Malioboro yang indah, dipagi menjelang siang, sang surya mulai bergerak meninggi. Udara segar masih sangat terasa, jalan raya tak henti dipenuhi kendaraan yang lalu lalang. Orang-orang berjalan ramai disepanjang trotoar nan indah, tak ketinggalan para pedagang kaki lima sibuk melayani pembeli.
Ketiga pelancong itu tengah duduk santai diatas kursi yang ada disekitar trotoar, trotoar disepanjang malioboro ini tampak indah karena laksana taman saja. Tio, Adnan, Udin baru saja selsai melahap bubur ayam untuk mengisi energi mereka yang ternyata tak cukup sekedar roti yang tadi mereka makan.
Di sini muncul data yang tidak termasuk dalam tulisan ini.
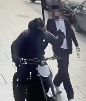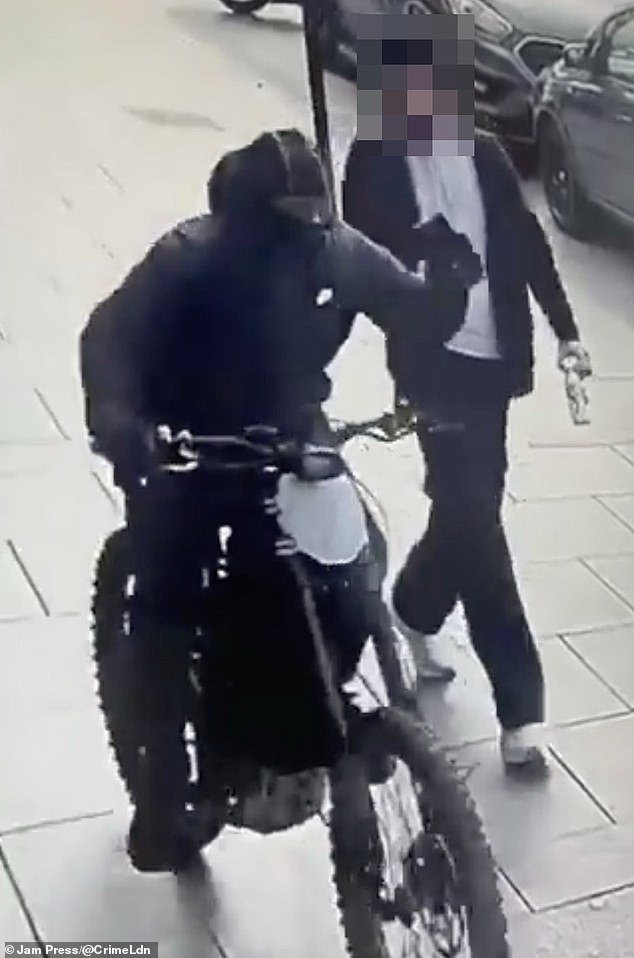 Uma gangue mascarada e-bikes tirou um telefone de uma mulher em um ponto de ônibus
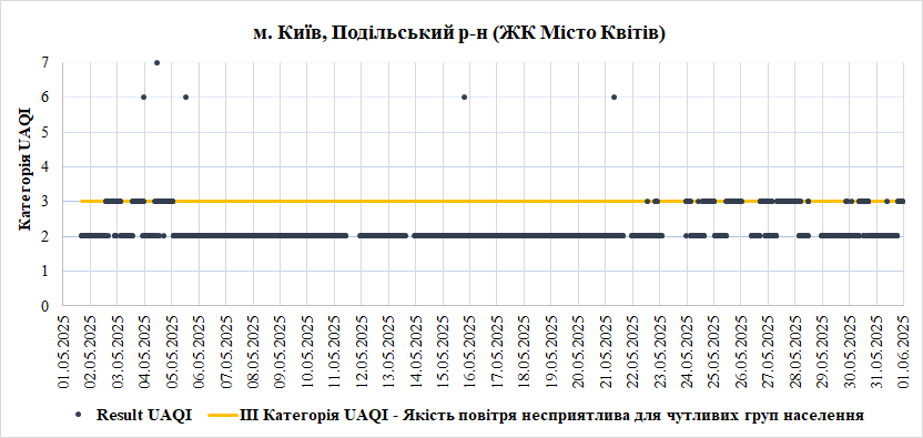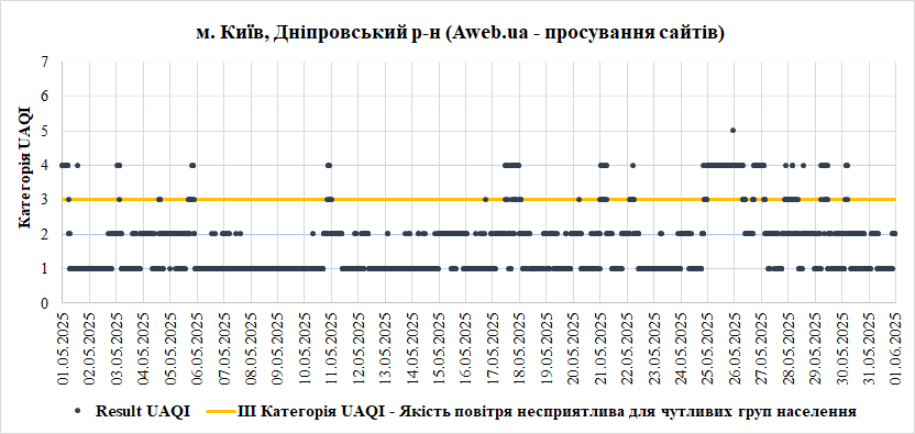 По Київській області за період з 01.05.2025 по 31.05.2025 аналізували дані з 34 станцій моніторингу: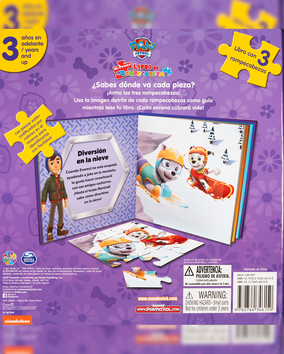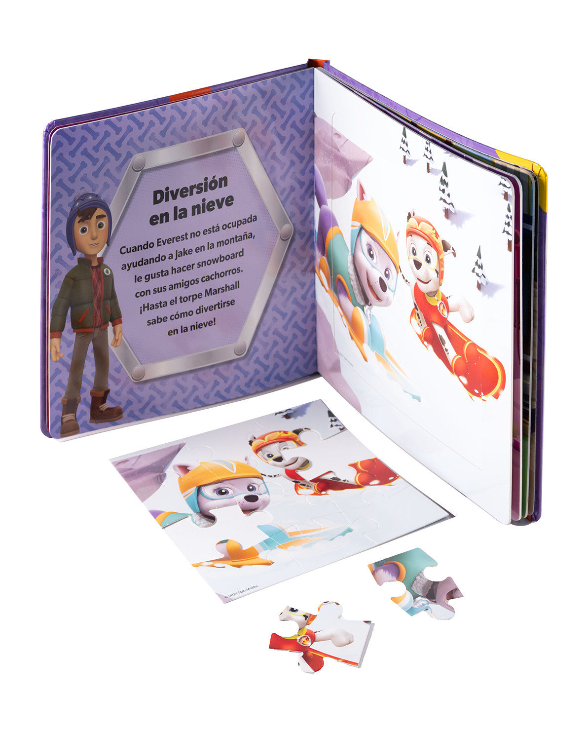 ¡Acompaña a Everest y Marshall en sus aventuras congeladas! Libro interactivo con 3 rompecabezas perfectos para pequeños fans de Paw Patrol.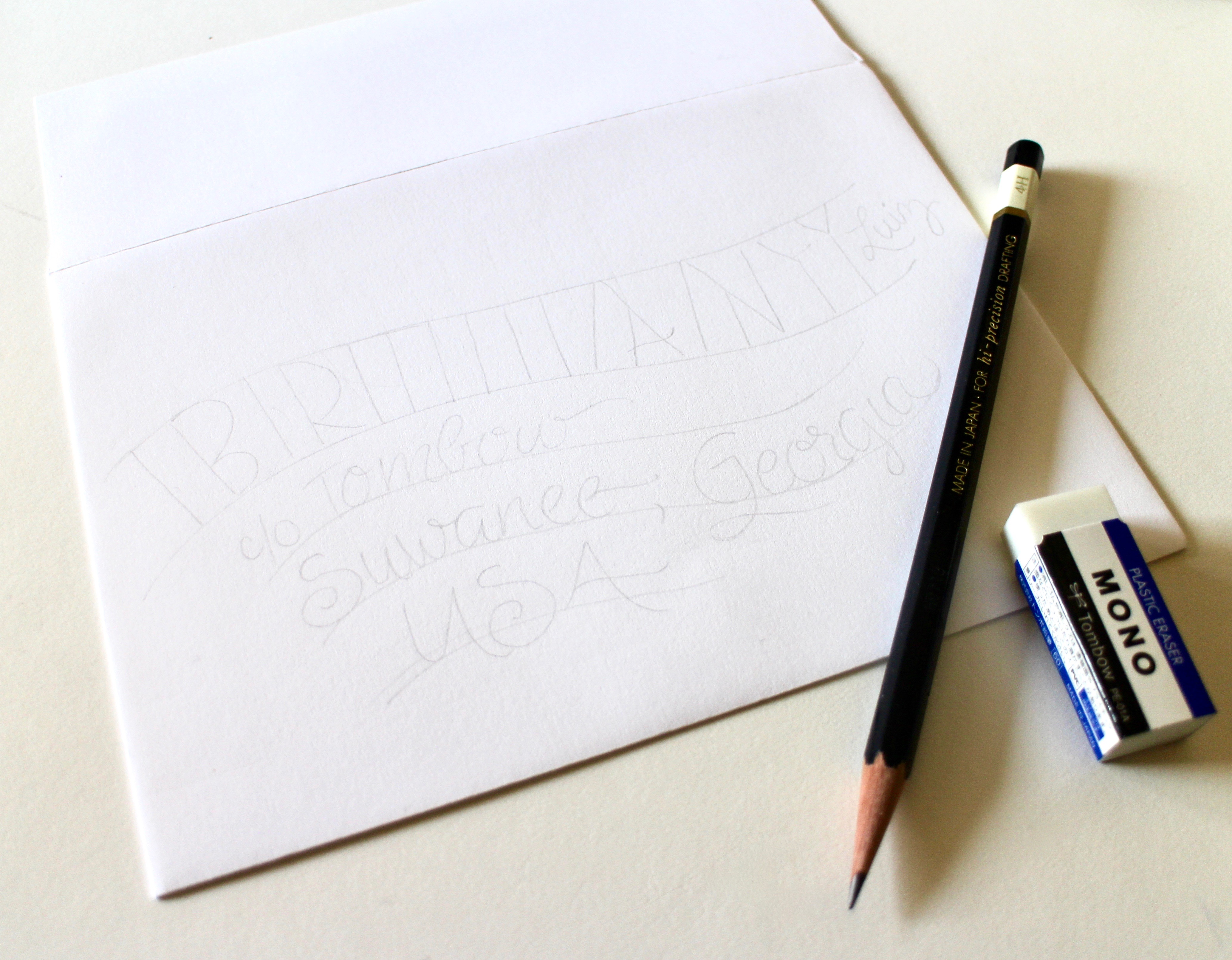 To start, I used the MONO 4H Drawing Pencil and MONO Eraser from the set to plan and sketch out the envelope and card.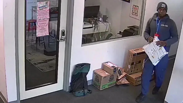 在监控视频中,他被看到检查多个包裹后打开其中一个,随后将至少两个包裹装入背包并离开。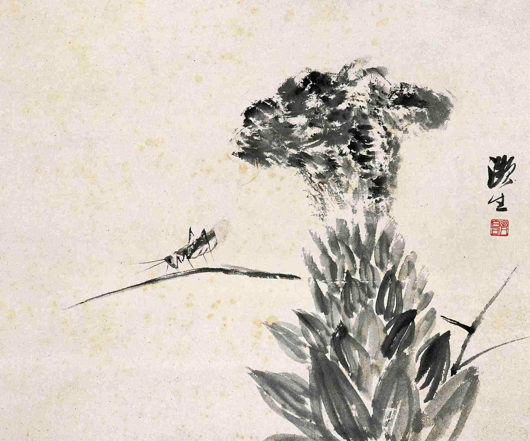 一五九 紡織娘(花鳥草蟲册之八)一九一七年 縱三九點五厘米 横四五點七厘米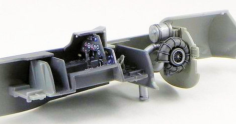 With the cockpit completed, I started in on the nicely detailed rear engine accessories section and tail wheel assembly. The 11-part accessories section nicely duplicates the engine components that are visible through the wheel wells. The various parts were painted aluminum, steel, or grey as appropriate, sprayed with Alclad Aqua Gloss (#ALC600), and washed with Black Tamiya Panel Line Accent Color (#87131). The tail wheel assembly consisting of a one-piece wheel captured between left and right halves of the wheel fork was painted with LifeColor acrylics and assembled with CA glue (Bob Smith Industries).
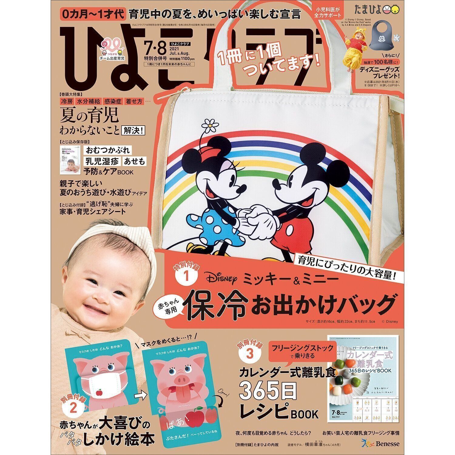 『ひよこクラブ』2021年7・8月合併号には、離乳初期から離乳完了期まで毎日使える、フリージング離乳食のレシピを満載した別冊付録「フリージングストックで乗りきる カレンダー式離乳食 365日のレシピBOOK」がついています。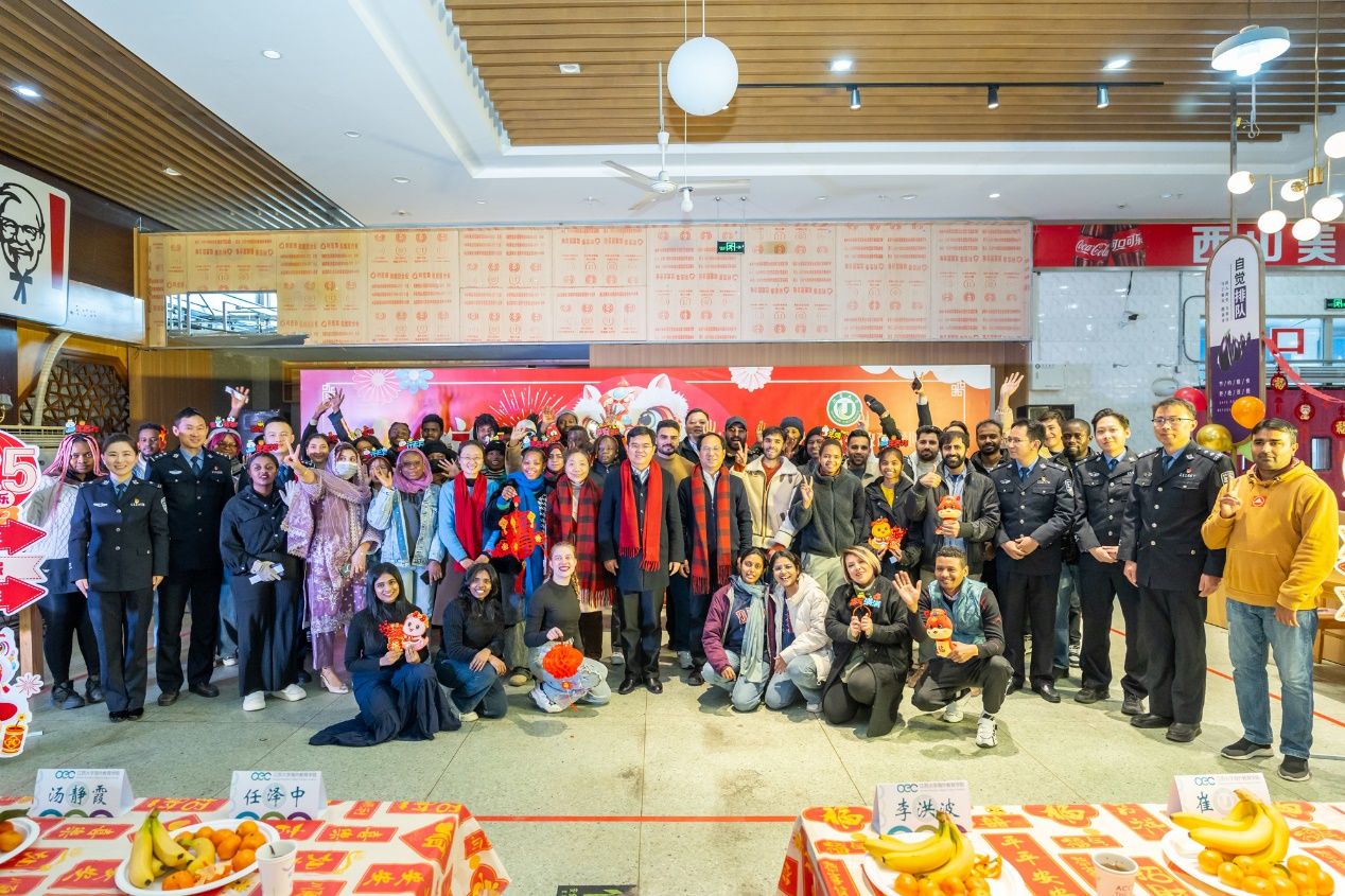 1月17日,2025年留学生春节联欢会在西山美食城(五食堂)举行。校党委书记李洪波,学工处、国际处、关工委、海外教育学院等学校部门代表以及镇江市公安局相关领导出席联欢会,与400余名留学生共迎新春。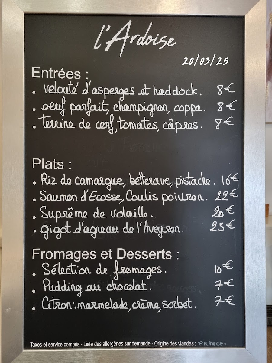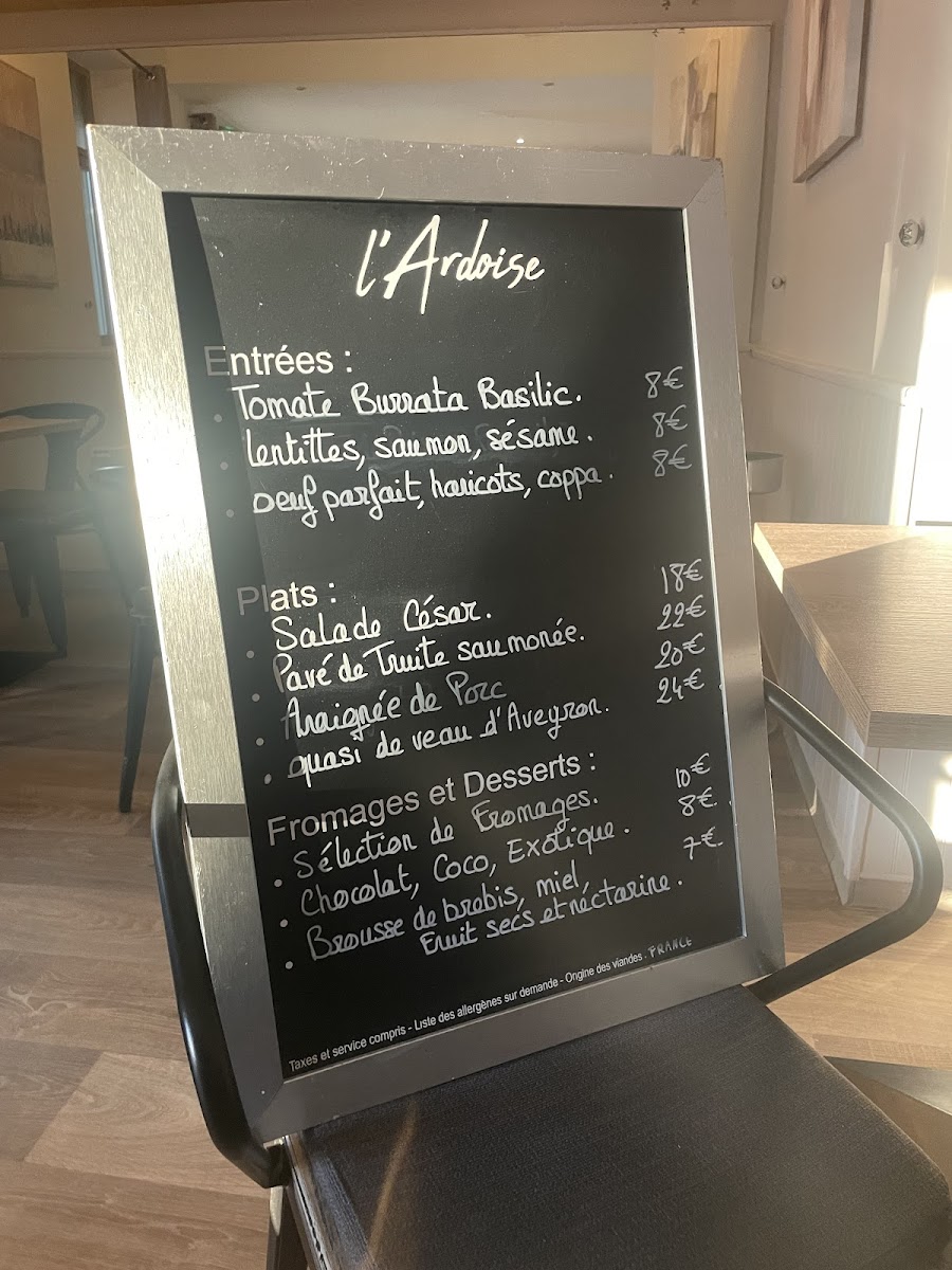 Welcome to Restaurant L'Ardoise, a charming French dining gem nestled in the heart of Mazan. This quaint eatery, run by a delightful couple, offers an intimate atmosphere complemented by a meticulously curated menu that highlights the essence of French cuisine. At L'Ardoise, every dish is crafted with passion and innovation, evident in customer favorites like the extraordinary gazpacho soup infused with thyme sorbet, which has left patrons raving. The menu features enticing options, with two-course meals starting at €27 and three-course options at €33, promising excellent value for an unforgettable culinary experience. Diners have praised not just the flavorful dishes but also the attentive service, making each visit feel special. Whether you are a local or just passing through, reserving a table at this exceptional restaurant will surely enhance your gastronomic journey in France. Indulge in the culinary mastery that L'Ardoise has to offer, where quality food meets warm hospitality.
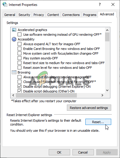 Even though many people think Internet Explorer simply takes up space on your computer without any real purpose, it’s not completely true. Many Internet connection settings go through Internet Explorer. Users have even reported that they were able to resolve the FFXIV launcher black screen problem simply by resetting the Internet Explorer settings. Follow the steps below in order to do that as well!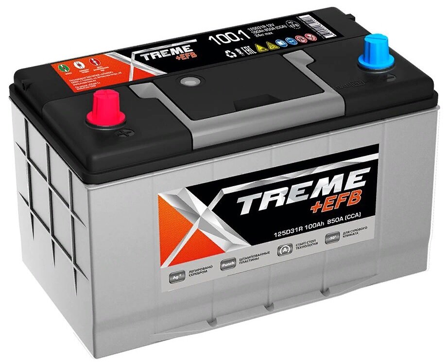 Купить Аккумулятор автомобильный Xtreme EFB 125D31R 100 А/ч 850 А прям. пол. Азия авто (302x172x220) с бортиком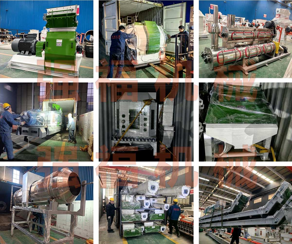 客戶定制顏色強福時產4噸濕法水產寵物膨化線發往南美
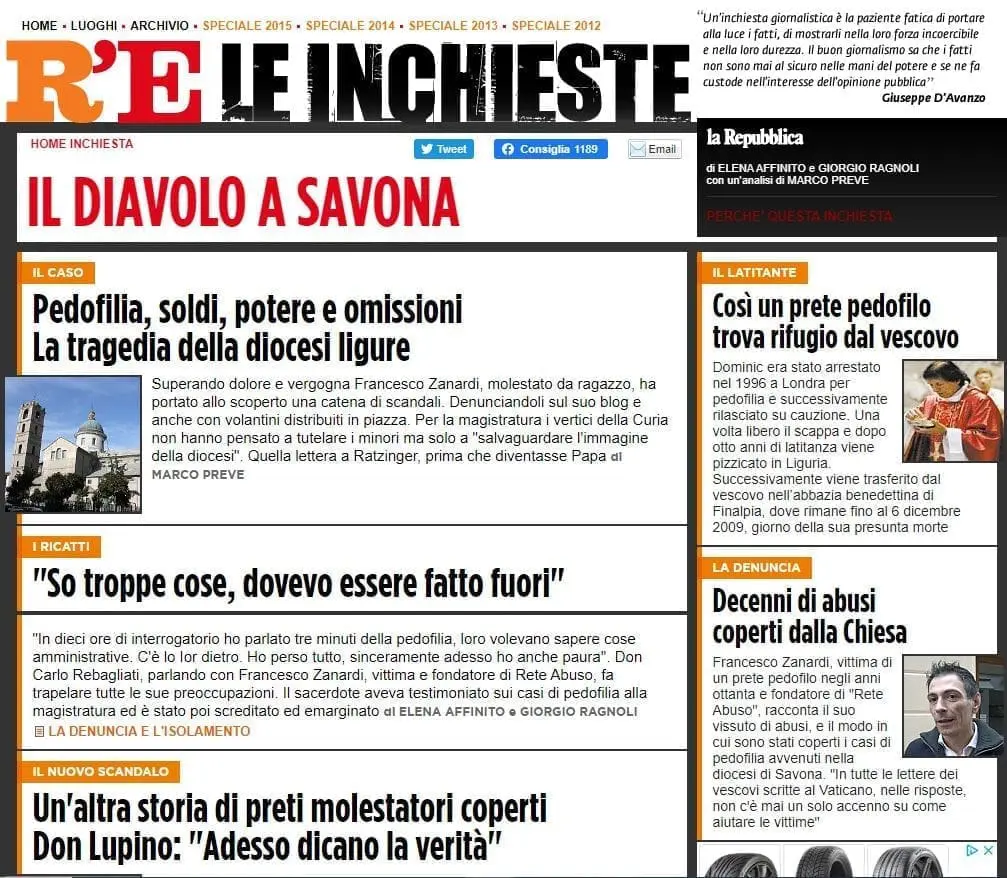 Se questa storia dove gli abusi si mescolano agli affari, ai soldi e al potere, si può oggi raccontare, il merito va riconosciuto in primis a Francesco Zanardi, 43 anni, molestato quando era ragazzo dal suo parroco, don Nello Giraudo. Francesco riesce a superare la vergogna, il dolore, il rischio di essere additato come un folle, e a molti anni di distanza dalle violenze subite, le denuncia. È un fiume in piena che conosce molti segreti della curia savonese. E li racconta: sui blog, sui volantini distribuiti in piazza, ma anche a palazzo di giustizia. Il procuratore Francantonio Granero e il pm Giovanni Battista Ferro per tre anni affronteranno una prova umana, ancor prima che professionale, pesante, insana.
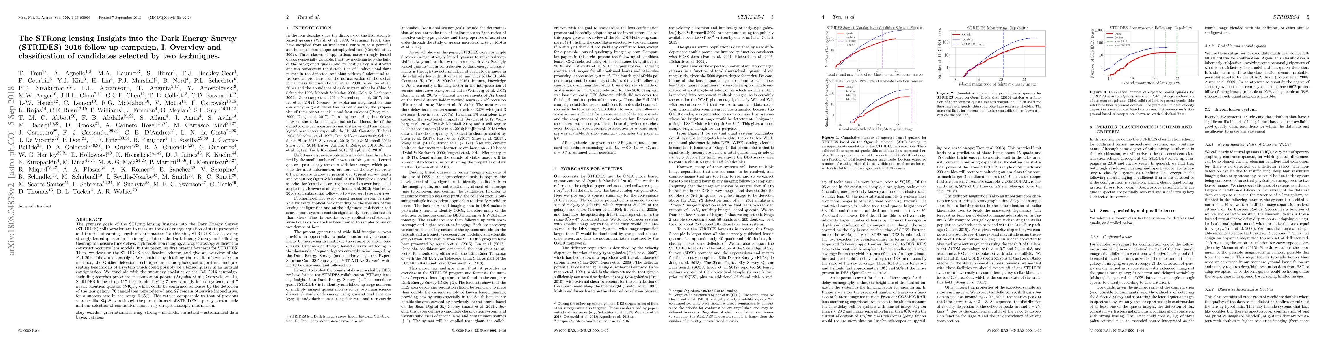 The STRIDES collaboration aims to measure dark energy and dark matter properties by identifying strongly lensed quasars from Dark Energy Survey data. The paper details the follow-up campaign's classification scheme, results from two selection techniques, and presents a new lensed quasar candidate, concluding with a success rate of 6-35% for the Fall 2016 campaign.

Seperti biasa, mereka berbincang seru tentang kekaguman mereka akan bumi yogya yang sekarang mereka injak. Kepulan asap rokok keretek tak henti mengepul-ngepul dari bibir mereka. Dan mata ketiganya tengah jelalatan menikmati suasana sekitar. “hari ini rencananya gimana?” tanya Udin.
“kita habiskan sepanjang hari ini di sepanjang jalan malioboro aja, kan katanya dari sini jalan terus akan sampai alun-alun.” Kata Adnan. Tio yang asik dengan rokoknya hanya mengangguk setuju.
Merekapun melangkahkan kaki kembali melanjutkan petualangan yang baru dimulai itu. Mesisir jalanan panjang malioboro yang eksotis dan penuh pemandangan indah. Tapi tak lama langkah mereka terhenti disebuah plang tinggi yang memuat peta kota yogya. Mereka langsung menatapnya melihat setiap lekukan garis dimuka peta tentang bumi sejarah itu.
Beberapa orang yang melintas melirik ketiga pelancong itu. Bagi warga pribumi, melihat wisatawan bukan sesuatu yang aneh, tiap hari wisatawan lokal maupun asing mudah mereka jumpai disepanjang jalan malioboro itu. Tapi tatapan kali ini berbeda, mata mereka tidak memandang ketiga pelancong itu sebagai para wisatawan, melainkan tiga pemuda berandal.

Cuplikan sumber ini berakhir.